### EXERCISE DIRECTIONS
In this exercise, write out the data word for word and leave every image out.

### DATA EXCERPT
·····

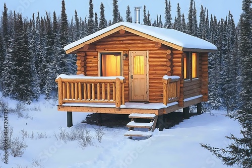 a rustic wooden cabin in the snowy alpine forest at golden hour
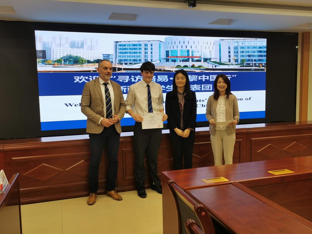 在交流座谈环节,克赖斯特彻奇男子高中副校长对学校组织安排的丰富体验活动表示由衷的感谢,介绍了在艾黎家乡开展弘扬艾黎精神活动的情况。国际交流处负责人向来访师生介绍了beat365基本办学情况、与新西兰友好交往的历史、传承弘扬艾黎精神方面开展的活动以及来华留学政策,鼓励克赖斯特彻奇男子高中生们来beat365学习语言,了解中国文化,做中新两国的友好使者。最后,活动以向所有新西兰来华参访学生颁发研修证书顺利结束。
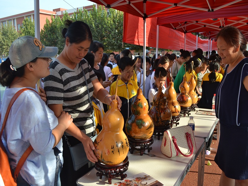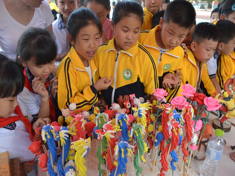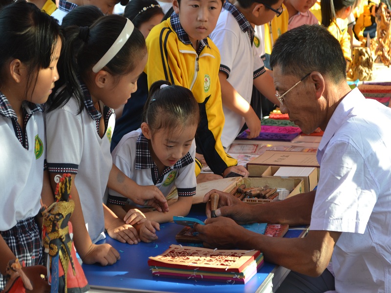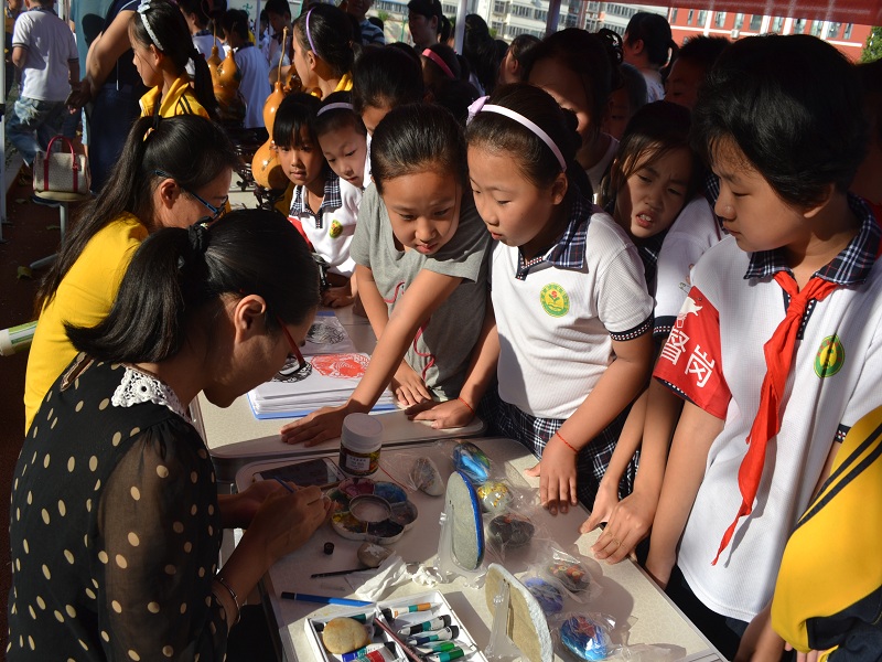 此次活动中,莒县有代表性的剪纸、面塑、核雕、玉雕、木雕、昆塑、糖画、布老虎、石头画、彩绘葫芦、制砚、金银器等共十多个非物质文化遗产项目参加了展示传授。带有浓郁地方色彩的“门签”,造型别致的木雕,构思巧妙的的剪纸,色彩艳丽的面塑,栩栩如生的石头画,古朴典雅的砚台,喜庆吉祥的彩绘葫芦……一件件作品,美不胜收。艺术与自然融合所呈现出的独特美感,色彩与线条搭配所带来的视觉冲击,匠心独具的艺术造型所产生的审美意蕴,令孩子们惊叹不已,让他们充分感受了莒文化的深厚底蕴,激起了他们对美的向往与追求。非物质文化遗产各个项目传承人还通过边讲解边演示,为大家呈现了作品的创作过程。孩子们围着艺术家们问这问那,想试一把的冲动溢于言表,在艺术家们的指导下,许多孩子过了一把“创作瘾”。
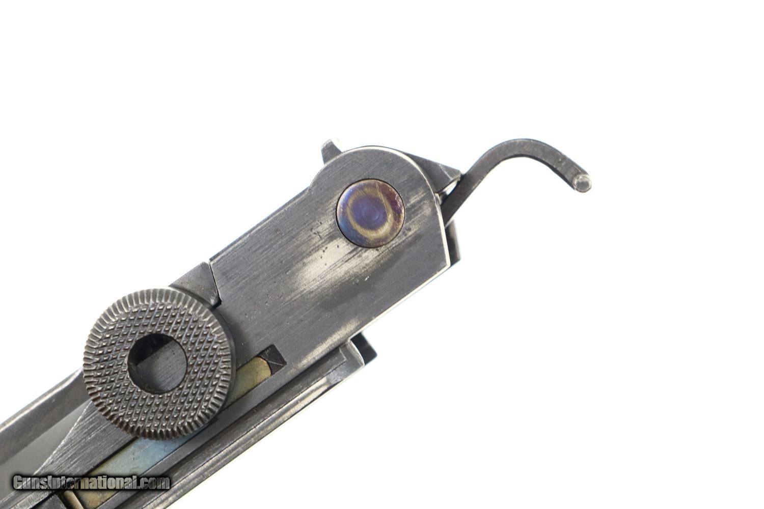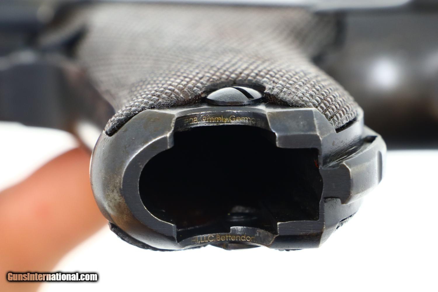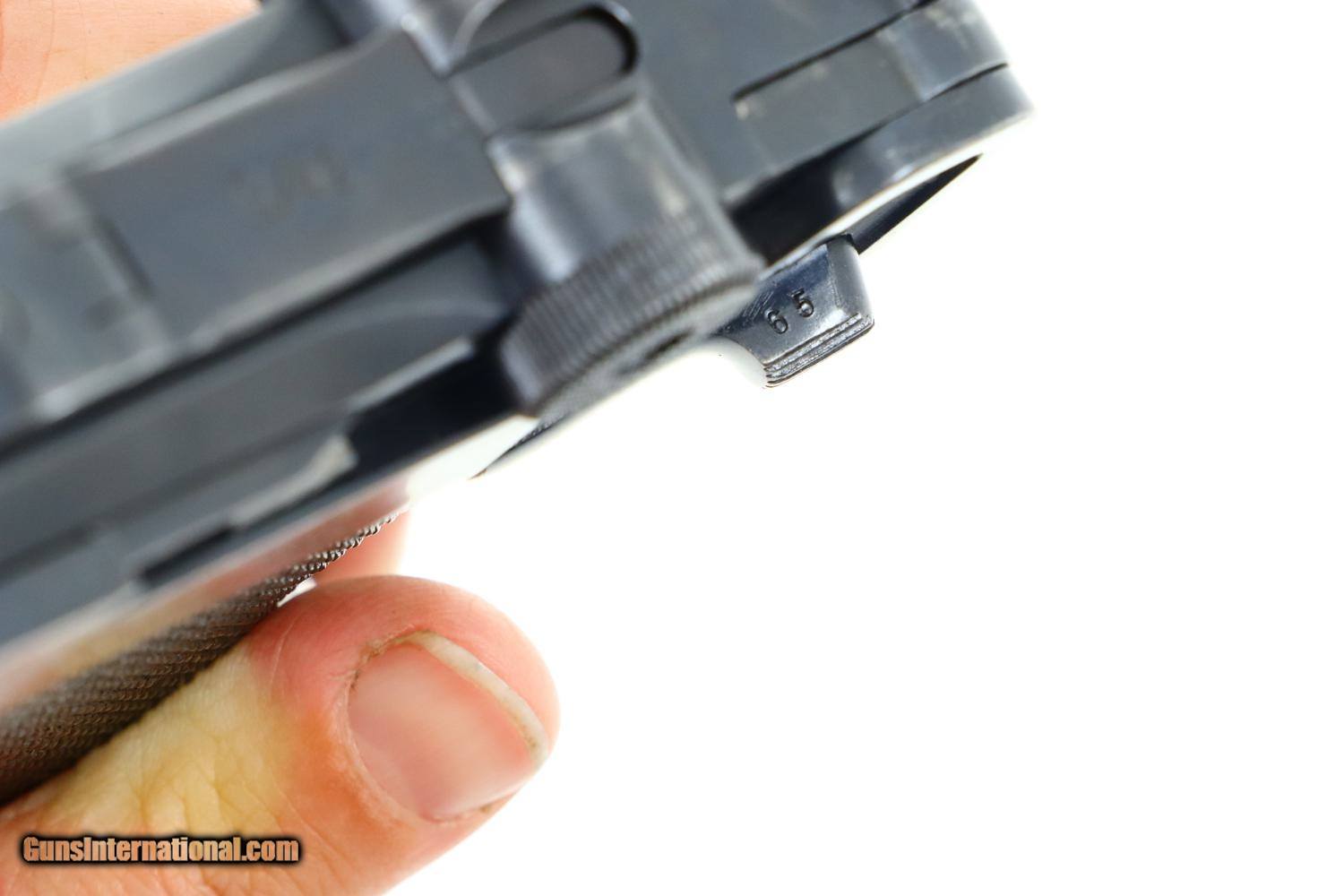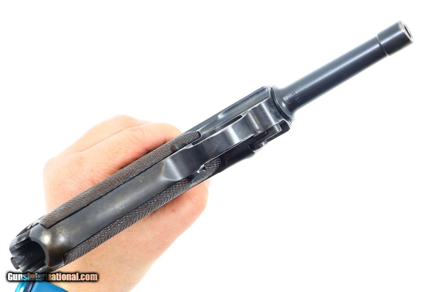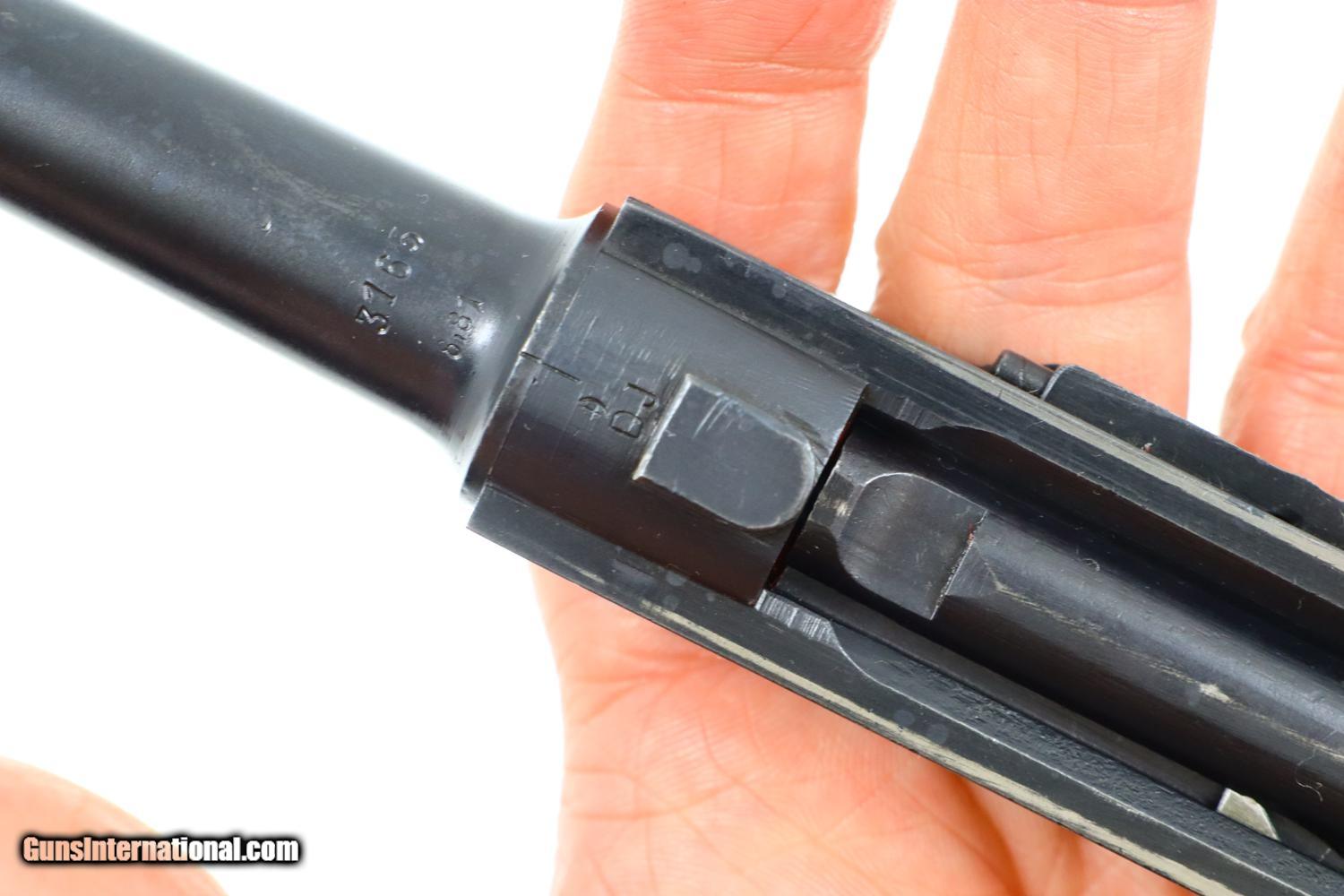 Description: Synopsis: Mauser, P08, S42 code, German Luger, 3165f, FB00784 Description: Attractive and all matching Mauser G date Luger, made 1935, 9mmP, SN: 3165f. Standard configuration military Luger with 4” barrel having drift adjustable front sight and fixed "V" notch rear sight. G chamber marking, middle toggle link marked with S/42 code. Full serial number with letter suffix on front of frame with the serial number repeated under the barrel and on left side of receiver. Usual Waffenamt acceptances on right side of receiver. Disassembly shows all matching numbers except for an unnumbered rear toggle pin and a Police magazine whose aluminum base is marked with an enlarged “2/1536/E/L”. Condition: G-VG arsenal reworked dip salt blue that was equally applied to all the small parts that were originally strawed or fire blue. Near excellent grips with dark oil staining and lightly blunted checkering. VG-EXC Magazine with crisp markings on plug. Bright bore, lightly etched with shallow rifling. Perfect manual mechanics. A nice representative G date whose appearance could be easily improved by the proper heat treatment of the small parts. ~~Insured shipping fee of $65; most packages shipped using FedEx 2nd Day.~~ SOLD Curio/Relic: Yes Manufacturer: Mauser Serial Number: 3165f Caliber Info: 9mmP |

·····

### WRITTEN RESPONSE
 a rustic wooden cabin in the snowy alpine forest at golden hour
 在交流座谈环节,克赖斯特彻奇男子高中副校长对学校组织安排的丰富体验活动表示由衷的感谢,介绍了在艾黎家乡开展弘扬艾黎精神活动的情况。国际交流处负责人向来访师生介绍了beat365基本办学情况、与新西兰友好交往的历史、传承弘扬艾黎精神方面开展的活动以及来华留学政策,鼓励克赖斯特彻奇男子高中生们来beat365学习语言,了解中国文化,做中新两国的友好使者。最后,活动以向所有新西兰来华参访学生颁发研修证书顺利结束。
 此次活动中,莒县有代表性的剪纸、面塑、核雕、玉雕、木雕、昆塑、糖画、布老虎、石头画、彩绘葫芦、制砚、金银器等共十多个非物质文化遗产项目参加了展示传授。带有浓郁地方色彩的“门签”,造型别致的木雕,构思巧妙的的剪纸,色彩艳丽的面塑,栩栩如生的石头画,古朴典雅的砚台,喜庆吉祥的彩绘葫芦……一件件作品,美不胜收。艺术与自然融合所呈现出的独特美感,色彩与线条搭配所带来的视觉冲击,匠心独具的艺术造型所产生的审美意蕴,令孩子们惊叹不已,让他们充分感受了莒文化的深厚底蕴,激起了他们对美的向往与追求。非物质文化遗产各个项目传承人还通过边讲解边演示,为大家呈现了作品的创作过程。孩子们围着艺术家们问这问那,想试一把的冲动溢于言表,在艺术家们的指导下,许多孩子过了一把“创作瘾”。
 Description: Synopsis: Mauser, P08, S42 code, German Luger, 3165f, FB00784 Description: Attractive and all matching Mauser G date Luger, made 1935, 9mmP, SN: 3165f. Standard configuration military Luger with 4” barrel having drift adjustable front sight and fixed "V" notch rear sight. G chamber marking, middle toggle link marked with S/42 code. Full serial number with letter suffix on front of frame with the serial number repeated under the barrel and on left side of receiver. Usual Waffenamt acceptances on right side of receiver. Disassembly shows all matching numbers except for an unnumbered rear toggle pin and a Police magazine whose aluminum base is marked with an enlarged “2/1536/E/L”. Condition: G-VG arsenal reworked dip salt blue that was equally applied to all the small parts that were originally strawed or fire blue. Near excellent grips with dark oil staining and lightly blunted checkering. VG-EXC Magazine with crisp markings on plug. Bright bore, lightly etched with shallow rifling. Perfect manual mechanics. A nice representative G date whose appearance could be easily improved by the proper heat treatment of the small parts. ~~Insured shipping fee of $65; most packages shipped using FedEx 2nd Day.~~ SOLD Curio/Relic: Yes Manufacturer: Mauser Serial Number: 3165f Caliber Info: 9mmP |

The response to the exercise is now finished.